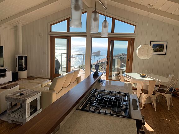 AVAILABLE October 18TH 2021 WITH FLEXIBLE LEASE TERMS ** NOTE: Not available for showing until October 16th. Available to show only on October 16th and morning of October 17th. Please do not disturb current tenants. Thank you. ** 2 bedroom / 2 bath on Edwards St in Trinidad with Stunning Views Flexible Lease Options: This home is FULLY FURNISHED with high quality furniture. But there would be space for some personal items as well. Jaw dropping views from this tastefully furnished and updated two story home located in the beautiful City of Trinidad California. Stunning views of Trinidad Harbor and Trinidad Head! Walk to everything! Parks/trails, beaches and downtown Trinidad shops and restaurants just minutes away from this centrally located home. Relax on the south facing deck that hovers above the sparkling bay. Relax on the outdoor sunbrella sofa. Prepare your meal on the outdoor grill and sip wine on the outdoor dining set while enjoying the views. Pick lemons from the garden from multiple large and mature lemon trees! The garden has been designed to attract bees and birds. There is a bedroom with a king bed upstairs, and a bedroom downstairs with a king bed. The home sleeps 4 comfortably and is best suited for adults or parents with older children that can sleep on a separate level. The open floorplan upstairs has a well equipped modern kitchen for cooking meals, large flat screen 65" TV with high end sound system, Wifi, modern gas stove and Ekornes leather furniture. Views from the kitchen and living room are mesmerizing. The house is equipped with an Eero high speed network system and is conducive for those who need to be online or work from home. The downstairs floorplan contains a small home gym and bonus seating area that leads out to a 2nd deck and garden. There is parking space for two cars in the driveway. There is a washer and dryer in the garage. Parking space inside the garage is limited to medium to small cars. Bi-Weekly Yard Maintenance by a Licensed, Insured local Landscape Professional. No smoking anywhere on the property please. Pets not guaranteed but will be considered on a case by case basis. Will consider shorter term leases but may be at a slightly higher rent. Sorry, no smoking allowed anywhere on property. Pets not guaranteed but will be considered on a case by case basis.
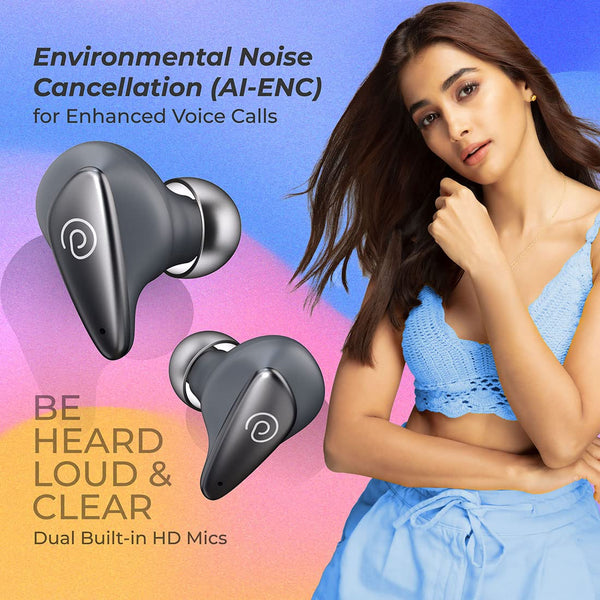 pTron Bassbuds Wave with TruTalk AI-ENC Calls, Movie/Music Modes, Deep Bass, BT5.3 Wireless Headphones, 40Hrs Combined Playtime, in-Ear TWS Earbuds, Touch Control & Typ-C Fast Charging & IPX4 (Grey)
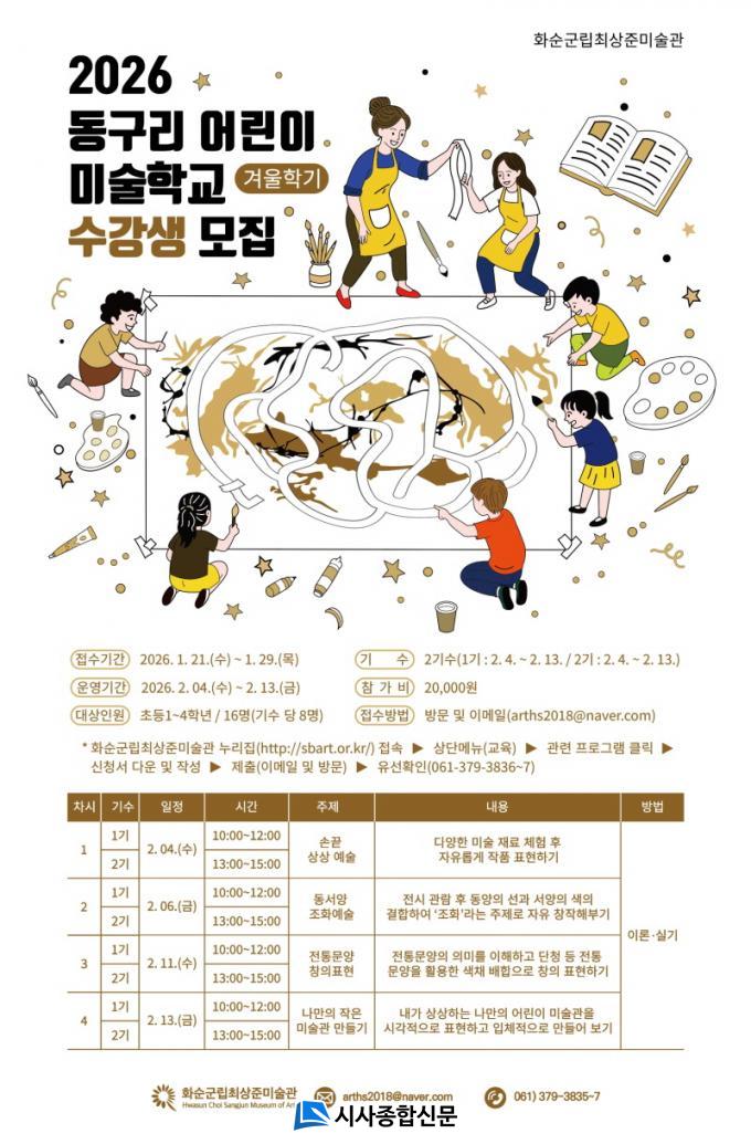 ¡®µ¿±¸¸® ¾î¸°ÀÌ ¹Ì¼úÇб³¡¯ °Ü¿ïÇбâ´Â 2¿ù 4ÀÏ(¼ö)ºÎÅÍ 2¿ù 13ÀÏ(±Ý)±îÁö ÁÖ 2ȸ(¼ö¡¤±Ý) ¿ÀÀü¹Ý°ú ¿ÀÈĹÝÀ¸·Î ³ª´©¾î ÁøÇàµÈ´Ù. ÃÑ 4Â÷½Ã °úÁ¤À¸·Î ±â¼öº° ¸ðÁý ÀοøÀº 8¸í ¼Ò±Ô¸ð·Î ¿î¿µµÅ º¸´Ù ÁýÁßÀûÀ̰í ü°èÀûÀÎ ¹Ì¼ú±³À°ÀÌ ÀÌ·ç¾îÁú ¿¹Á¤ÀÌ´Ù. ¼ö°·á´Â 2¸¸ ¿øÀÌ´Ù.
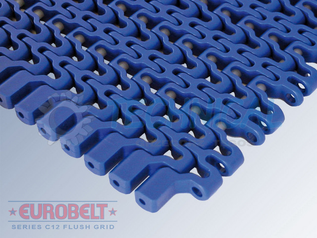 Taśmy modułowe C12 z powierzchnią Flush Grid jest idealna dla transportu produktów w przy użyciu dużych prędkości i małej średnicy obrotu. Konstrukcja z dostępnymi prętami oraz otwartą powierzchnią czyni ją bardzo łatwą do mycia i utrzymania czystości, gdzie:
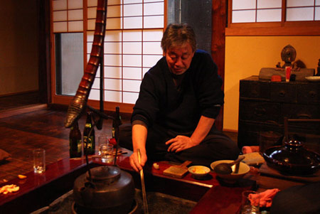 ![]() この1年、すごく精力的だった? そう見えますか。 何、「ほぷらす」で今回、 ぼくのがいちばん早かったの? わっはっは。そうですか。 作りたいものから作った、それだけですよ。 いやあ、何もないですよ。 偶然、重なったんですね、いろいろ。 たしかに東北にも何遍も行ったし、 あちこちで個展も多かったかもしれんけど、 こういうことはね、決めても、 どうなるかわからないとこがありますでしょう。 ま、料理と一緒やね。 ![]() 震災の影響ですか──。 行ってね、実際を見たら、 やっぱり気持ちが変わりました。 海の、想像もできないエネルギーというのは、 人間の気持ちまでも圧倒してしまうというかね。 やっぱりもう、何ていうか、身が止まるというか、 時間が止まるというかねえ、 気持ちも全部止まってしまうというような 感覚になったんですよ。 鳥肌が立ってね。 ‥‥考えることを超えたものを、 自分の身に感じられるということがありましたね。 だからどうだということでもないんだけど、 行くと、本当に喜んでくれる人たちも いっぱいいるわけね。 何をしたらいいのか悪いのかもわからなかったからね、 実際、喜んでくれたというのがよかった。 ![]() そう、昨年、器では、磁器をやりましたね。 たしかに何十年ぶりやね。 これは、土との出会いだったんです。 前から、向付の型だけは作ってたんですわ。 それで、ちょうどそれに合うような磁器土が見つかった。 明時代によく似たものができてるんですよ。 古染付というんですけど、 それの雰囲気で何かを作りたいと思ってたから。 そういうチャレンジだったんですね。 ![]() 道歩や円は──、私はまだ、 そういうふうに(同じ作り手として) 見るということはなくてね。 まだあの子らの物が、完成してませんので。 迷ってますか? わっはっは、そうですか。 ずーっと自分で自分を迷いながら、 しばらく行くんじゃないかなと思います。 迷ってていいんですよ。 だんだん年代経って、何かの壁があったりすると、 越えなければならないんです。 それはつらくて、どうしようもないものだけれど、 越えなければ、次ができませんからね。 物というのは何か一つあったら、 それを乗り越えてまた自由になって、 またこう迫ってきて、また自由になるという、 それをどんどん繰り返していかなかったら、 そこで止まってしまうんですよ。 例えば文章を書いててもね、 前から同じ調子のものでずーっと書いてると、 何かもう一つ違う意味の雰囲気を出したいと思ったら、 そこから抜け出さなきゃならないでしょう。 それを繰り返さなきゃならない。 自分が感動しなかったらお客も感動しませんからね。 同じですよ。何でも同じ。 ![]() 何というかね‥‥自分の考えというのは、 積み重ねていく人が多いんだけど、 あるとこからそれも脱却して、 いつも真っ白に戻るほうがいい。 いつも真っ白に。 そこから出発して、また真っ白になる。 積み重ねたらね、必ず途中で不安定になるんです。 例えば字を書くのでも、 上手な人の字を下に置いて書くと、 ある程度上手にはなるんだけど、 もうどうにもなりません。 自分の自由な形ちゅうのができなくなっちゃう。 概念から入るというのはそういうことです。 |
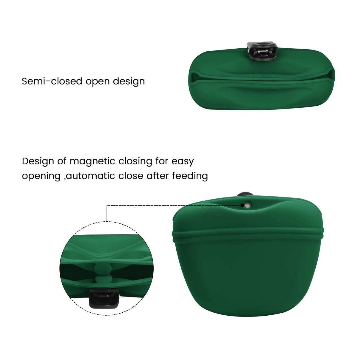 AUDWUD - Silicone Dog Treat Pouch - Clip on Portable Training Container - Convenient Magnetic Buckle Closing and Waist Clip - BP
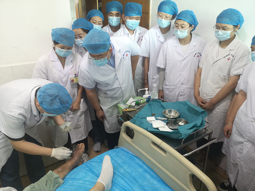 第二天大家繼續(xù)前往達(dá)郫都區(qū)人民醫(yī)院進(jìn)行了交流與學(xué)習(xí),享受?chē)?guó)務(wù)院特殊津貼專(zhuān)家、成都市郫都區(qū)人民醫(yī)院燒傷創(chuàng)瘍科學(xué)術(shù)帶頭人付子俊教授帶領(lǐng)大家查房并對(duì)病人案例一一分析講解;科室主任也特別給濱醫(yī)學(xué)子講述了大面積燒傷和深度潰瘍的治療等。
::::
To do:
Within the listing above, the stretch from the line with "¼ö°·á´Â 2¸¸ ¿øÀÌ´Ù." down to the line with "Taśmy modułowe C12" is to be given again exactly, end lines included and pictures excluded.

Response to the task:
 ¡®µ¿±¸¸® ¾î¸°ÀÌ ¹Ì¼úÇб³¡¯ °Ü¿ïÇбâ´Â 2¿ù 4ÀÏ(¼ö)ºÎÅÍ 2¿ù 13ÀÏ(±Ý)±îÁö ÁÖ 2ȸ(¼ö¡¤±Ý) ¿ÀÀü¹Ý°ú ¿ÀÈĹÝÀ¸·Î ³ª´©¾î ÁøÇàµÈ´Ù. ÃÑ 4Â÷½Ã °úÁ¤À¸·Î ±â¼öº° ¸ðÁý ÀοøÀº 8¸í ¼Ò±Ô¸ð·Î ¿î¿µµÅ º¸´Ù ÁýÁßÀûÀ̰í ü°èÀûÀÎ ¹Ì¼ú±³À°ÀÌ ÀÌ·ç¾îÁú ¿¹Á¤ÀÌ´Ù. ¼ö°·á´Â 2¸¸ ¿øÀÌ´Ù.
 Taśmy modułowe C12 z powierzchnią Flush Grid jest idealna dla transportu produktów w przy użyciu dużych prędkości i małej średnicy obrotu. Konstrukcja z dostępnymi prętami oraz otwartą powierzchnią czyni ją bardzo łatwą do mycia i utrzymania czystości, gdzie:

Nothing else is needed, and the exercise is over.